A paper from Chris Miller's research group at UC Davis reports that CD8 T cells can play a key role in protecting macaques against an intravaginal challenge with SIVmac239. The study employed a live-attenuated vaccine approach: macaques were immunized with an attenuated SIV/HIV hybrid (SHIV89.6) and then challenged 6-8 months later with the highly virulent SIVmac239. A subset of animals were depleted of CD8 T cells prior to challenge to explore the role of these responses in vaccine-mediated protection. At 14 days post-challenge, 9/9 controls and 4/12 immunized macaques were positive for SIV RNA in the plasma, and viral loads in the RNA-positive immunized animals were significantly lower than in the controls. All five immunized, CD8-depleted macaques showed detectable plasma SIV RNA and viral loads in these animals were significantly higher than in the other two groups.
The researchers also investigated the extent of post-challenge CD8 and CD4 T cell proliferation in the macaques, finding that expression of the Ki67 antigen remained stable in the immunized group but increased significantly in controls. Similarly, T cell apoptosis was increased in both controls and CD8-depleted animals but not in the immunized group. SIV-specific CD8 T cells were also significantly more polyfunctional and cytotoxic in both the blood and vagina of immunized macaques compared to the control and CD8-depleted groups. Notably, expansion of SIV-specific CD8 T cells occurred only in the vagina of vaccinees, and none of the five other compartments examined (including blood, lymph nodes and cervix). The researchers conclude that "the presence of SIV-specific CD8 T cells in the vagina on the day of vaginal SIV challenge and a modest expansion of effector T cells was sufficient to stop viral dissemination and uncontrolled SIV replication post-challenge." In discussing the results, they point out that these findings differ from those obtained with prime-boost vaccines, wherein SIV challenge typically leads to systemic proliferation of SIV-specific memory CD8 T cells, perhaps suggesting that induction of local effector CD8 T cells at the site of exposure should be the goal of T cell-based HIV vaccines.

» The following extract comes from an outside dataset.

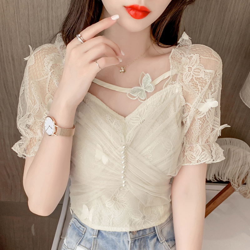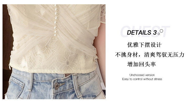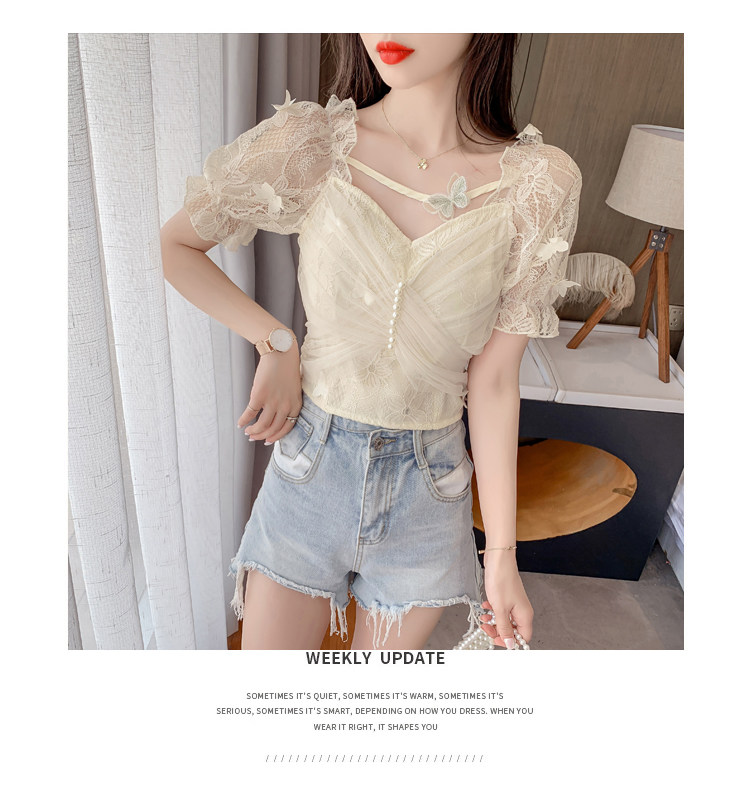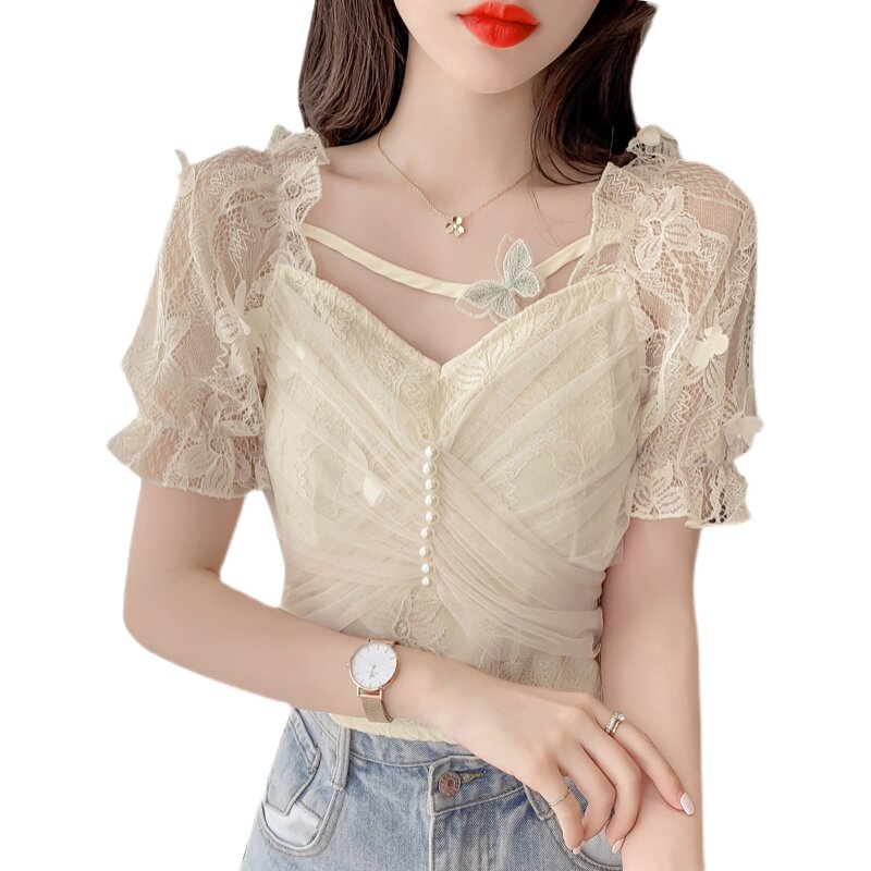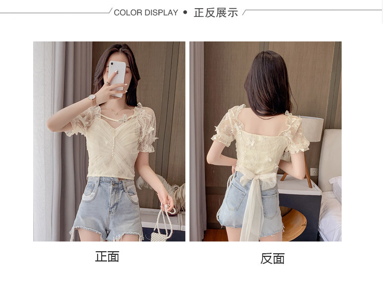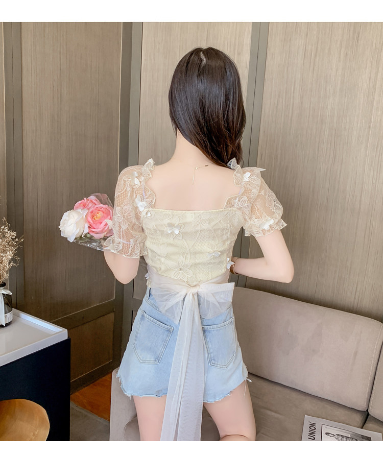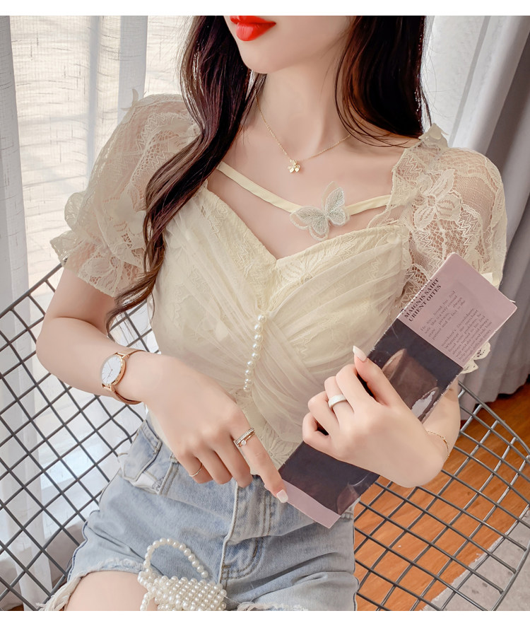 Дизайнерская шифоновая кружевная короткая летняя рубашка с бантиком, тренд сезона, французский стиль

JVI Accepts, published online ahead of print on 10 September 2008
J. Virol. doi:10.1128/JVI.01433-08
Meritxell Genescà, Pamela J. Skinner, Jung Joo Hong, Jun Li, Ding Lu, Michael B. McChesney, and Christopher J. Miller
Center for Comparative Medicine, California National Primate Research Center, University of California, Davis, Davis, CA, 95616 USA; Department of Veterinary and Biomedical Sciences, Department of Microbiology, University of Minnesota, St. Paul, MN, 55108 USA; Department of Pathology, Microbiology and Immunology, School of Veterinary Medicine and Division of Infectious Diseases, School of Medicine, University of California, Davis, Davis, CA, 95616 USA
The presence, at the time of challenge, of antiviral effector T cells in the vaginal mucosa of female rhesus macaques immunized with live-attenuated simian-human immunodeficiency virus (SHIV) 89.6 is associated with consistent and reproducible protection from pathogenic simian immunodeficiency virus (SIV) vaginal challenge (18). Here we definitively demonstrate the protective role of the SIV-specific CD8+ T cell response in the SHIV-immunized monkeys by CD8+ lymphocyte depletion, an intervention that abrogated SHIV-mediated control of challenge virus replication and largely eliminated the SIV-specific T cell responses in blood lymph nodes and genital mucosa. While in the T cell intact SHIV- immunized animals, polyfunctional and degranulating SIV-specific CD8+ T cells were present in the genital tract and lymphoid tissues from the day of challenge until day 14 post-challenge. Strikingly, expansion of SIV-specific CD8+ T cells in the immunized monkeys was minimal and limited to the vagina. Thus, protection from uncontrolled SIV replication in animals immunized with attenuated SHIV 89.6 is primarily mediated by CD8+ T cells that do not undergo dramatic systemic expansion after SIV challenge. These findings demonstrate that despite, and perhaps because of, minimal systemic expansion of T cells at the time of challenge, a stable population of effector-cytotoxic CD8+ T cells can provide significant protection from vaginal SIV challenge.